The Shriner’s hospital is an industry leader in pediatric orthopedic care.  The hospital itself is essentially a private hospital which receives no funding (that I know of) from the Federal government (and I asked).  They are funded by Shriner’s International and rely heavily on donors and Shrine Temples for support.  The floor I am staying on is dedicated to the 17 Temples that greatly contributed  to the Exceptional Care 4 Kids fundraising campaign, one of which is our own Al Shamal Shriners in Edmonton.  Not only does Shriner’s International  cover all of our health care needs during our hospital stay, which I think will be easily over $1,000,000, our local Edmonton Shriners pays for Ben’s and my flights to and from appointments,  transportation to and from hotel and airport and hospital, meals when we are staying for clinic visits, my meals while I am here, and discounts at hotels for our family visits.  This is essentially the same for all the patients here….and they come from all over Canada, Mexico, South America and beyond!  The idea behind the Shriners is all about people helping other people.  If I walked downstairs right now and asked to go to the grocery store, I’m pretty sure one of the volunteer Shriners would grab the van and gladly bring me there.  That’s how they are.  Every single aspect of our care is so far above and beyond what any person could expect in a hospital.  The hospital we are in now was completed in the fall of 2015. The Shriners raised 130 million to open up its doors.  It has 22 patient rooms (most patients are in and out in a few days), four OR’s and over 29,000 square feet dedicated to research, which is critical when moving forward.  Hmmmm….just a thought here – maybe some of that research can be used to update the Frankenhelmut a bit.  This is the only Shriners Hospital in Canada.

Interesting Facts:

The first Shriners Hospital for Children opened in Canada Feb 18, 1925

First patient – Harvey Jones – I like his name – it’s simple and understated.

Patients that year – 100

Patients 2014 – 17,000 out-patients and 1,000 surgeries

One of the expressions the Shriners have is Shriners can’t put a price on what they do for kids, so they do it for free.  (www.alshamalshriners.org)  When a nurse today was asking Benjamin who his favourite superhero was, I felt my eyes tear up a little to think about all the fezzy (yes, that’s a word) superheroes in our life.  Thank you Shriners!!!

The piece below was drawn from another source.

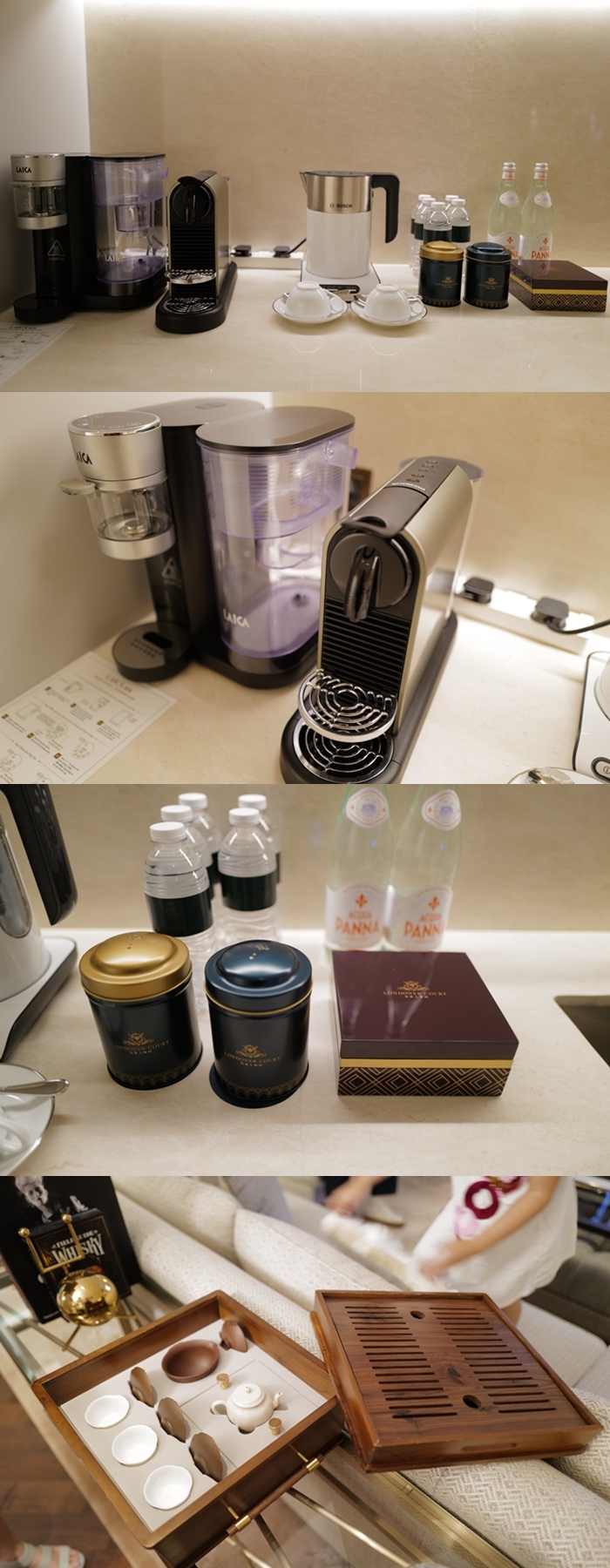 | 除了基本的膠囊咖啡跟電熱水壺以外,還有第一次看到酒店也有提供泡茶機,連裝茶葉的茶罐都超精美,且裡面的茶包是真空包裝的原片茶葉,直接放入泡茶機就可以沖出一杯好茶,可以請茶師來房間直接泡給貴賓喝。 |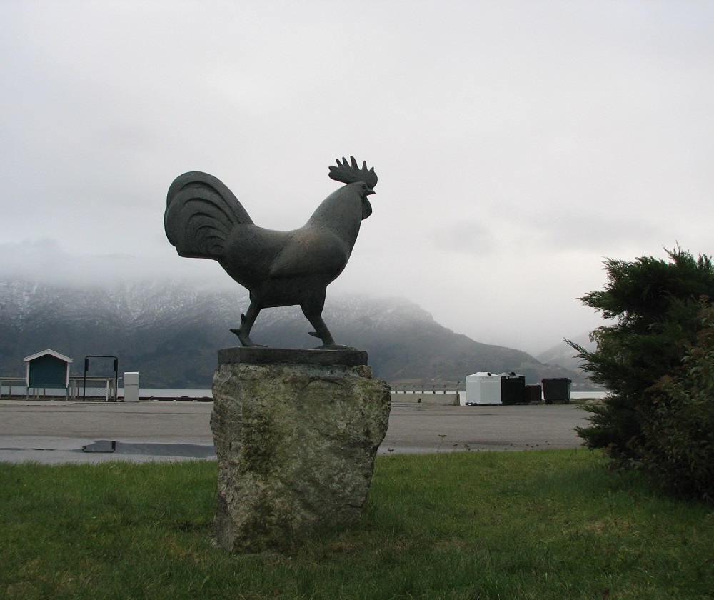 "Det var 17. mai-stemning på Hanahaug i går ettermiddag, då skulpturen av hanen vart avduka. Overraskande mykje folk hadde funne vegen, og feiande tonar frå Leikanger skulemusikk gjorde sitt til å skapa høgtid og fest.

Ben is doing ok today – he has been busy, but he got frustrated easily today, which is not at all like him.  When I pushed him to do his home reading after school, I felt like I might have broke his spirit a bit, so I had to back off for a while.   I had a good talk with an adult patient tonight who had been in halo traction three years ago.  He gave me some good insight on some of the frustrations he felt and some of the challenges he dealt with daily.  I was happy to talk with him.  I feel the pressure about all the school we will be missing, but I also know that  I need to pace myself with my demands on him.  Tomorrow we have school, xrays, and a bandage change.  For Ben, the bandage change is almost equivalent to surgery – he absolutely hates it.  We hope to have it removed tomorrow.